» **Assigned task**
Reproduce verbatim all of the data given below, but do not carry over the images.

» **Available records**
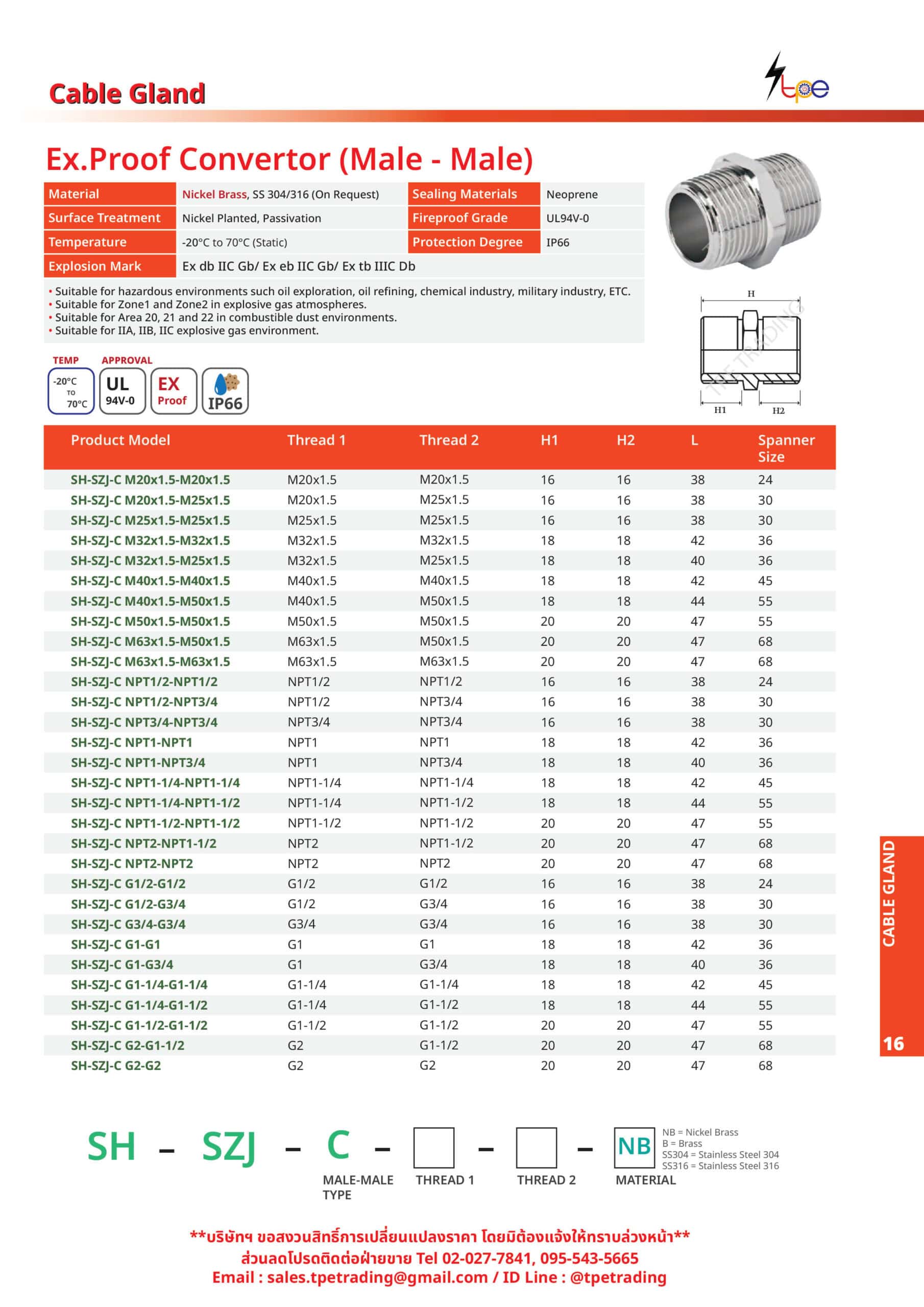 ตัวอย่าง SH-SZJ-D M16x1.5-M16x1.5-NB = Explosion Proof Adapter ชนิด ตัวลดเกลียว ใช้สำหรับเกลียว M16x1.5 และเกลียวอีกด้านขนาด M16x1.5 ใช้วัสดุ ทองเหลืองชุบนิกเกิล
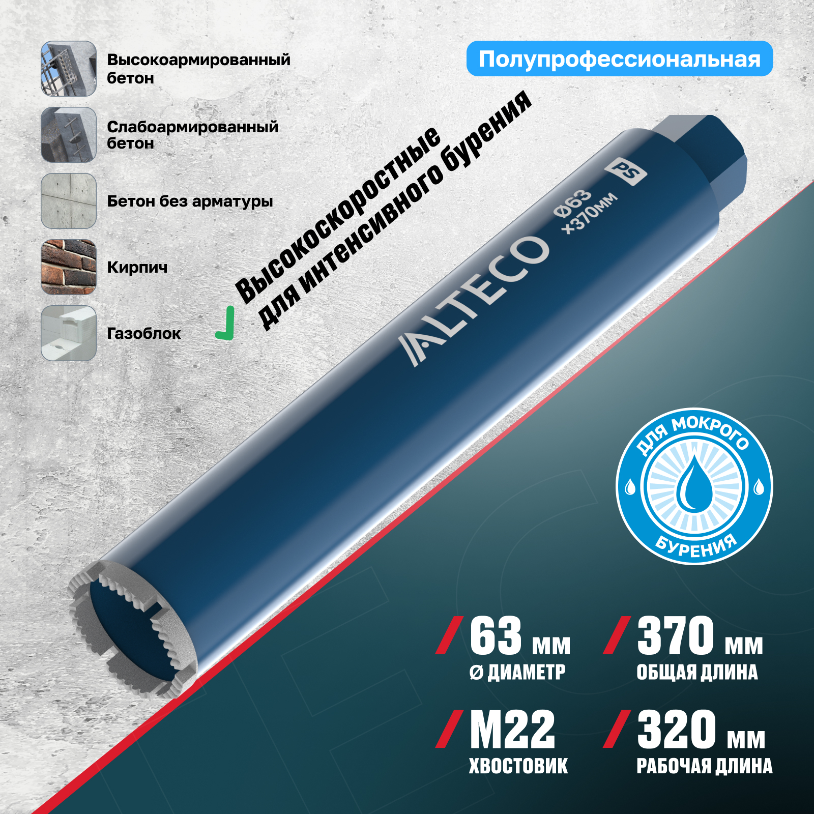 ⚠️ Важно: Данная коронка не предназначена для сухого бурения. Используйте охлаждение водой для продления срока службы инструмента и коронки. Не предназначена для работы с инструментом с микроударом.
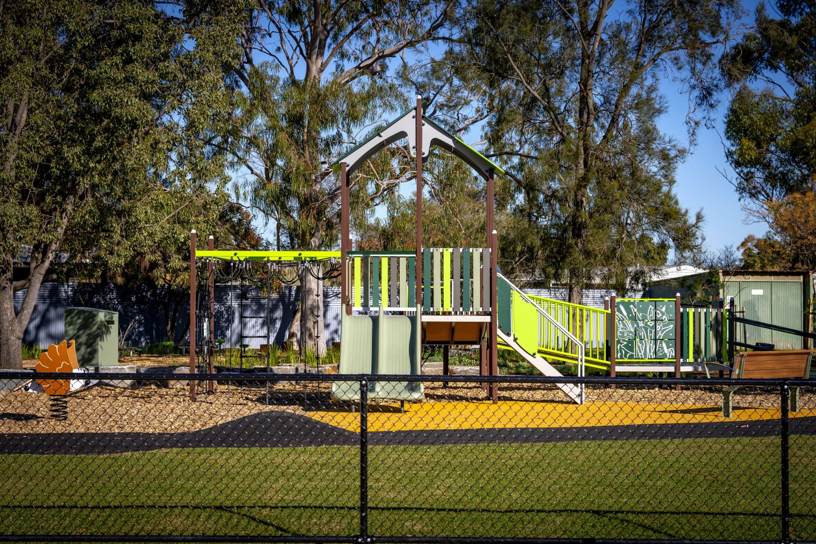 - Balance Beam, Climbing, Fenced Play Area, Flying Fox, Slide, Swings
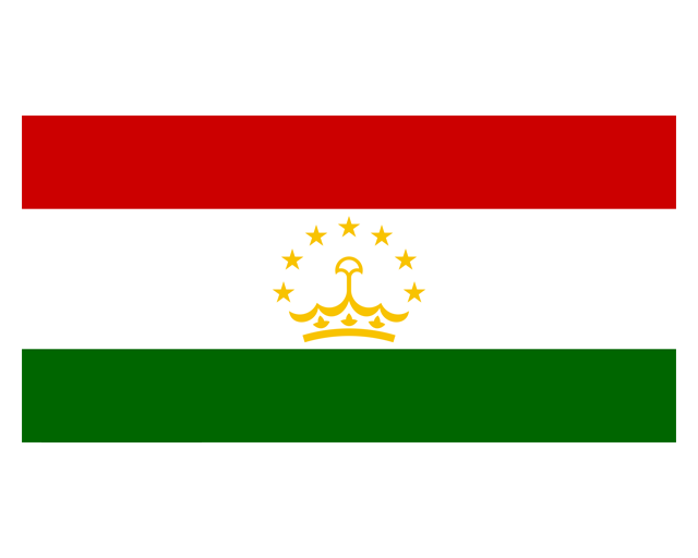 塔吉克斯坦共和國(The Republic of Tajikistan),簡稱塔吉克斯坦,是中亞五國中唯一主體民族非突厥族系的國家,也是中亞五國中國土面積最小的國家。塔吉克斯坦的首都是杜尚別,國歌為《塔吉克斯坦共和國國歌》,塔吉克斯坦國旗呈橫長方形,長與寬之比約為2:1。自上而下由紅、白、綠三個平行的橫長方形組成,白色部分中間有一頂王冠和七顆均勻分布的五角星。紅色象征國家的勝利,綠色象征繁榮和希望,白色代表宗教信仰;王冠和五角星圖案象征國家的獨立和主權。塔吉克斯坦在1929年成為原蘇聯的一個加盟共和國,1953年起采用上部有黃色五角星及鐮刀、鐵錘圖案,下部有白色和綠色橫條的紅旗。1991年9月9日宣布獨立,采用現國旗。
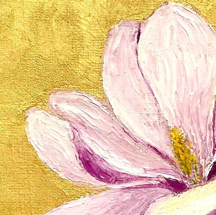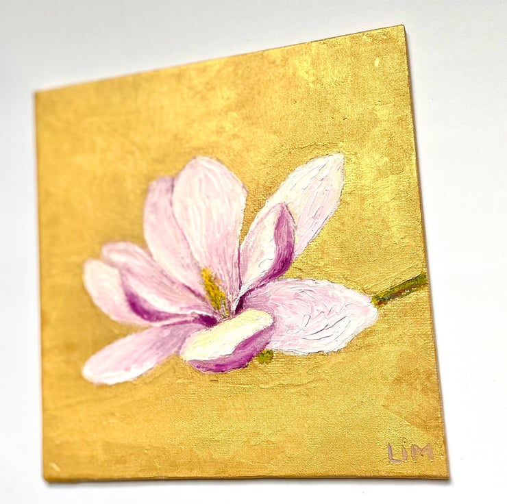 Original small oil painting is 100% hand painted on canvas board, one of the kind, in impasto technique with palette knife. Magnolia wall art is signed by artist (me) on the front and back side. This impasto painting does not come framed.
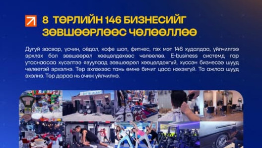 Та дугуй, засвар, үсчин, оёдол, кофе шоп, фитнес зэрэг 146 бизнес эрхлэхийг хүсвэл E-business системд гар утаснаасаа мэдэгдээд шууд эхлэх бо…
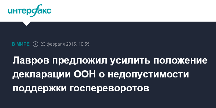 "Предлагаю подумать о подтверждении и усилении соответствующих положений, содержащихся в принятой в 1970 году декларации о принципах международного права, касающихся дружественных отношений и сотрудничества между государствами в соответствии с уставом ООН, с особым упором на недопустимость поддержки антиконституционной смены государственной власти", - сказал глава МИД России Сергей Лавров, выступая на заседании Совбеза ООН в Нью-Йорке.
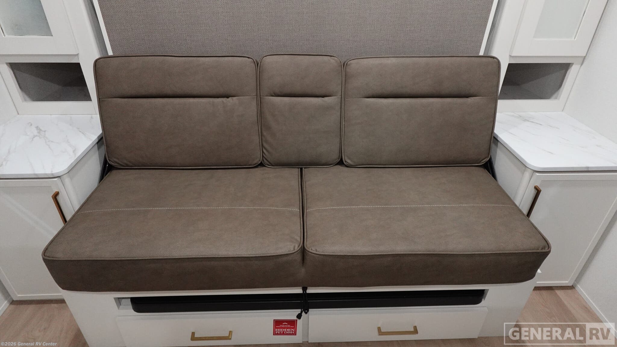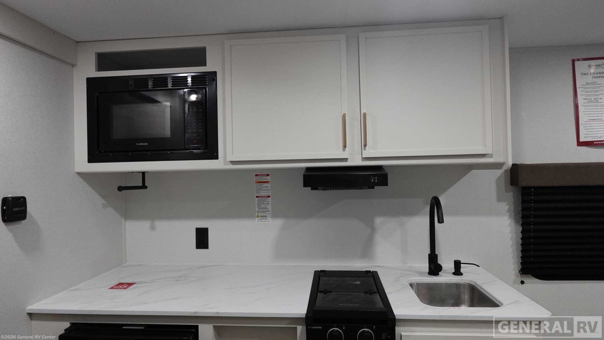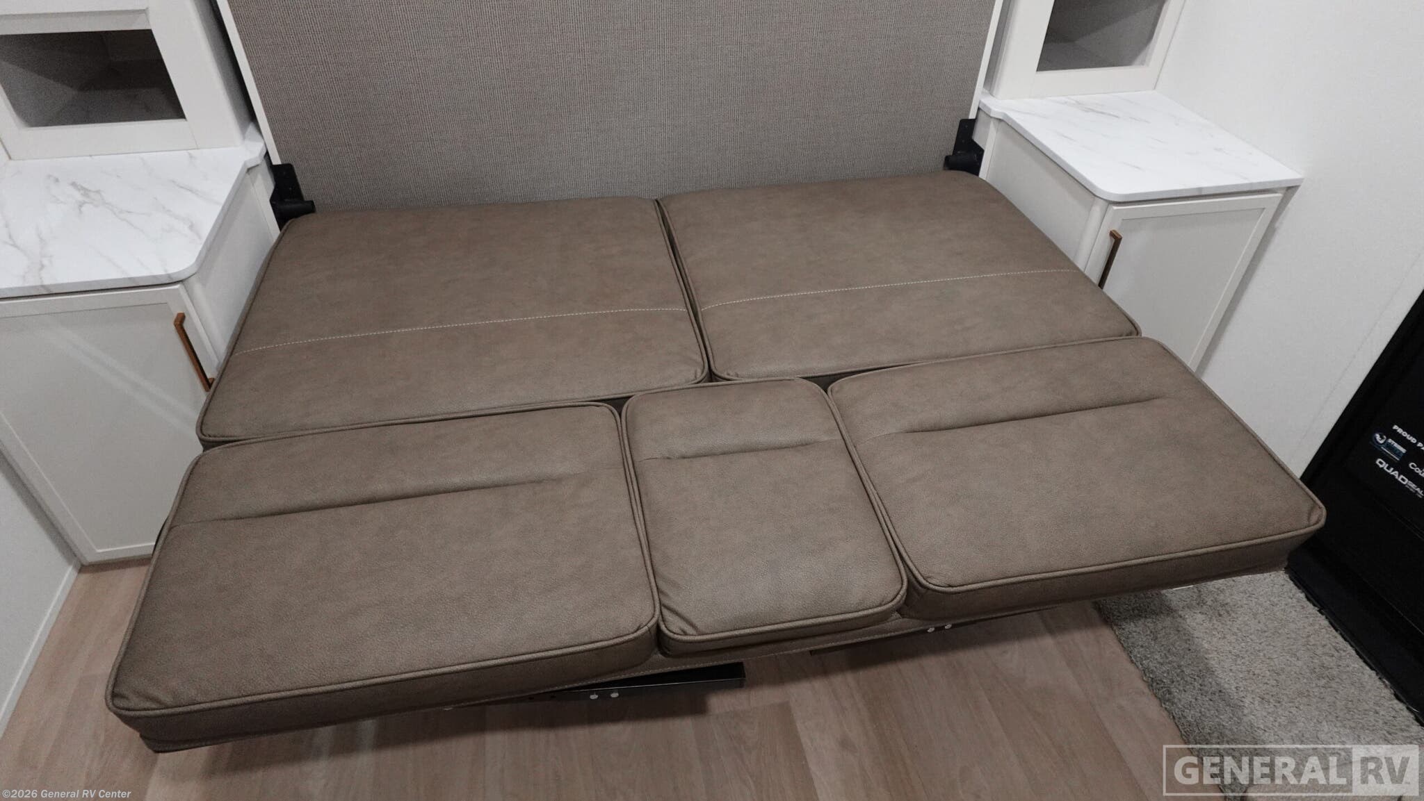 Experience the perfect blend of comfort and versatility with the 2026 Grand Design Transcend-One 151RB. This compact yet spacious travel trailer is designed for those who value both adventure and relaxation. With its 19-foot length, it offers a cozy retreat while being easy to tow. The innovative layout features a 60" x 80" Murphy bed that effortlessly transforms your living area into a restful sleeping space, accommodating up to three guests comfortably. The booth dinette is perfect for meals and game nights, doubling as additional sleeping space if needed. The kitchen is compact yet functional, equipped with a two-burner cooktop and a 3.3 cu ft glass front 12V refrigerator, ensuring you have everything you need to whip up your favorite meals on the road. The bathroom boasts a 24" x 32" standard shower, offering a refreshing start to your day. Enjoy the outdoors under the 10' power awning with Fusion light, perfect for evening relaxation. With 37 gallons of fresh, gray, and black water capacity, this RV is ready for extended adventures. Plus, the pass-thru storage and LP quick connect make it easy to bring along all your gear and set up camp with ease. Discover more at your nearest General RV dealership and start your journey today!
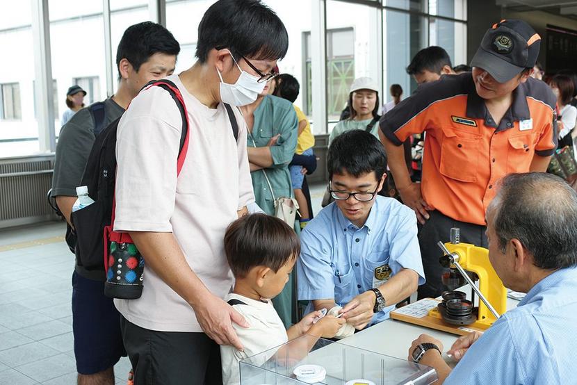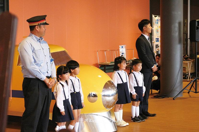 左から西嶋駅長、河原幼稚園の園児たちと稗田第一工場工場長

» **Answer to this task**
 ตัวอย่าง SH-SZJ-D M16x1.5-M16x1.5-NB = Explosion Proof Adapter ชนิด ตัวลดเกลียว ใช้สำหรับเกลียว M16x1.5 และเกลียวอีกด้านขนาด M16x1.5 ใช้วัสดุ ทองเหลืองชุบนิกเกิล
 ⚠️ Важно: Данная коронка не предназначена для сухого бурения. Используйте охлаждение водой для продления срока службы инструмента и коронки. Не предназначена для работы с инструментом с микроударом.
 - Balance Beam, Climbing, Fenced Play Area, Flying Fox, Slide, Swings
 塔吉克斯坦共和國(The Republic of Tajikistan),簡稱塔吉克斯坦,是中亞五國中唯一主體民族非突厥族系的國家,也是中亞五國中國土面積最小的國家。塔吉克斯坦的首都是杜尚別,國歌為《塔吉克斯坦共和國國歌》,塔吉克斯坦國旗呈橫長方形,長與寬之比約為2:1。自上而下由紅、白、綠三個平行的橫長方形組成,白色部分中間有一頂王冠和七顆均勻分布的五角星。紅色象征國家的勝利,綠色象征繁榮和希望,白色代表宗教信仰;王冠和五角星圖案象征國家的獨立和主權。塔吉克斯坦在1929年成為原蘇聯的一個加盟共和國,1953年起采用上部有黃色五角星及鐮刀、鐵錘圖案,下部有白色和綠色橫條的紅旗。1991年9月9日宣布獨立,采用現國旗。
 Original small oil painting is 100% hand painted on canvas board, one of the kind, in impasto technique with palette knife. Magnolia wall art is signed by artist (me) on the front and back side. This impasto painting does not come framed.
 Та дугуй, засвар, үсчин, оёдол, кофе шоп, фитнес зэрэг 146 бизнес эрхлэхийг хүсвэл E-business системд гар утаснаасаа мэдэгдээд шууд эхлэх бо…
 "Предлагаю подумать о подтверждении и усилении соответствующих положений, содержащихся в принятой в 1970 году декларации о принципах международного права, касающихся дружественных отношений и сотрудничества между государствами в соответствии с уставом ООН, с особым упором на недопустимость поддержки антиконституционной смены государственной власти", - сказал глава МИД России Сергей Лавров, выступая на заседании Совбеза ООН в Нью-Йорке.
 Experience the perfect blend of comfort and versatility with the 2026 Grand Design Transcend-One 151RB. This compact yet spacious travel trailer is designed for those who value both adventure and relaxation. With its 19-foot length, it offers a cozy retreat while being easy to tow. The innovative layout features a 60" x 80" Murphy bed that effortlessly transforms your living area into a restful sleeping space, accommodating up to three guests comfortably. The booth dinette is perfect for meals and game nights, doubling as additional sleeping space if needed. The kitchen is compact yet functional, equipped with a two-burner cooktop and a 3.3 cu ft glass front 12V refrigerator, ensuring you have everything you need to whip up your favorite meals on the road. The bathroom boasts a 24" x 32" standard shower, offering a refreshing start to your day. Enjoy the outdoors under the 10' power awning with Fusion light, perfect for evening relaxation. With 37 gallons of fresh, gray, and black water capacity, this RV is ready for extended adventures. Plus, the pass-thru storage and LP quick connect make it easy to bring along all your gear and set up camp with ease. Discover more at your nearest General RV dealership and start your journey today!
 左から西嶋駅長、河原幼稚園の園児たちと稗田第一工場工場長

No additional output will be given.